っと、そろそろ世間話も終わりにしなければなるまい。


日が暮れきてしまうと、厄介だ。


「実は、メイプル商会様に新商品として見ていただきたいものがございます。シンディー、例のものを」

「はいっ、こちらですね!」


彼女が、俺の背負っていたカバンから引っ張り出したのは、魔道具だ。


持ってきたのは、自動で水の注がれるグラスと、これまでにないほど明るいライトの二つである。


「これは、また珍妙な……」


商人さんは、懐からルーペを取り出して、まずその外装を確認する。


「これを売り物にしたいんですが、どうでしょう」

「……ふむ、見たことがない形で面白くはあるのですが」


顔つきが、一商人としての目に変わる。


だがもとより、俺への贔屓で売ってもらおうとは思っていない。


シンディーが、商人さんにそれらの使い方を教える。


「ほ、本当に水が沸いた!? しかも、なんだこの明るさ! これなら夜も商売できるほどだ……!」


やはり、本物だった。

専門職の目利きにも、敵うものだったらしい。


「ディルック様! これを売っていただけるのですか!? ライトには一つ10万ペル、コップにも一つ5……いやこれも10万ペルは固い!」


10万ペルと言えば、働き手によっては労働者の一月分の給与にもなりうる。


うん、十分な好条件だ。


「かまいません。そのために、持ってきたんですよ。あなた方なら信頼もできます。ただ、一つ条件が」

「……そ、それは?」


ごくり、商人さんが生唾をくだす音が聞こえる。


「私の領地・テンマ村まで、キャラバンの足を伸ばしてほしいのです。後は適正額でお売りしますゆえ」

「テンマといえば、あの海沿いの村ですか。たしか、かなり小さな集落だったような覚えがあるのですが……。

 それもかなり遠かったような」


そう、地理的には不利である。


商売にかかる経費や、道中のリスクを思えば、なかなか難しい側面もあるのは理解していた。


けれど、俺は引かない。


「えぇ、でも土地は有り余ってますし、逆にいえば伸び代はたっぷりです。

 それに、この魔道具はその村で作る予定です。

 この商品を販売できるのなら、補って余りあると思いますよ」


錬金術という魔法はたしかに奇特だが、決して奇跡を起こすような魔法ではない。


今は、シンディーと俺しか作れないが、きちんと分析をすれば、量産することだって可能なはずである。

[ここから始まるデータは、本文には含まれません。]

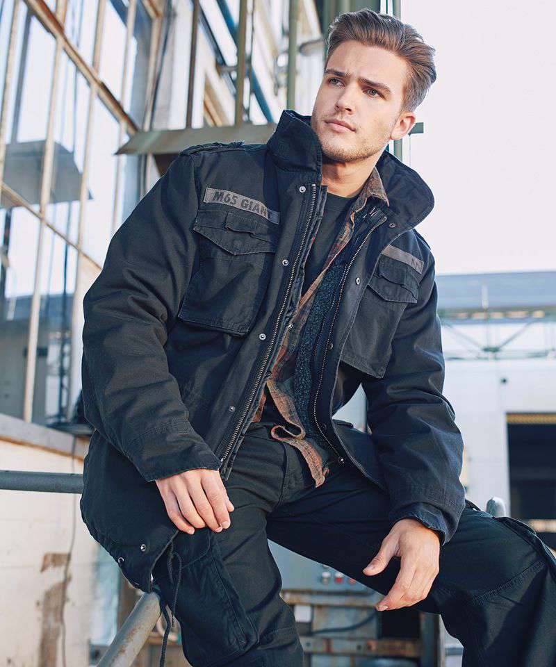 The M65 Giant jacket in vintage style has a real cult characteristic. Perfectly suitable for winter with a zipper to detach the quilted inner jacket made of nylon and a warm teddy-fabric lining.The outer jacket is made of premium, washed cotton and can also be worn without the lining as a transition jacket in spring or autumn. Typically M65 the Giant has 2 big chest pockets, 2 spacious flap pockets on the front, a covered cotton hood with drawstring, complete with poppers on the shoulder.
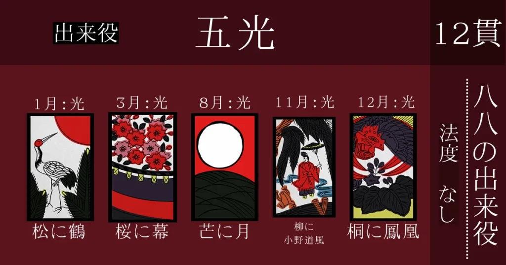 | 五光 | 12貫 | 松に鶴、桜に幕、芒に月、柳に小野道風、桐に鳳凰 | ![]() |
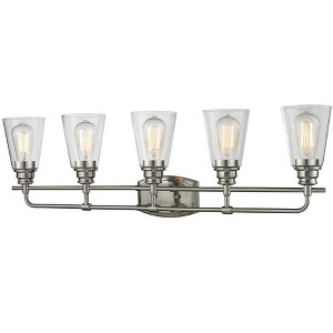 Harmony of vintage style fixture, clear glass, and vintage bulb shapes define the Annora family. Clear glass paired with brushed nickel fittings complete the look. Bathroom/Powder Room Mounting Direction: Up/Down Shade Included: Yes Dimmable: Yes Material: Glass, Finish Color: Brushed Nickel, Width: 36.75", Height: 10.75", Length: 6", Depth: 6", Backplate Width: 4.5", Backplate Length: 7", Lamping Type: Incandescent, Number Of Bulbs: 5, Wattage: 100 Watts, Dimmable: Yes, Moisture Rating: Damp Rated

「ただ、あそこは人攫いが出ると言う話もありますし……」

「あぁ。それなら、今日、退治したところですよ。問題ありません」

「そ、そんなまさか! かなり厄介な奴らだったのに」


信じてもらうため、俺は警備隊に受け取った感謝状を見せる。


商人さんは一読して、口をあんぐり開けていた。


自信を持って言う俺の顔を見返し、強く何度も頷く。


「それならば、ぜひルートに加えさせていただきましょう! 私どものグループで、今度そちらまでお伺いいたします!」


こう決断してくれた。


俺は、商人と握手を交わし、シンディーと軽く手を合わせるのであった。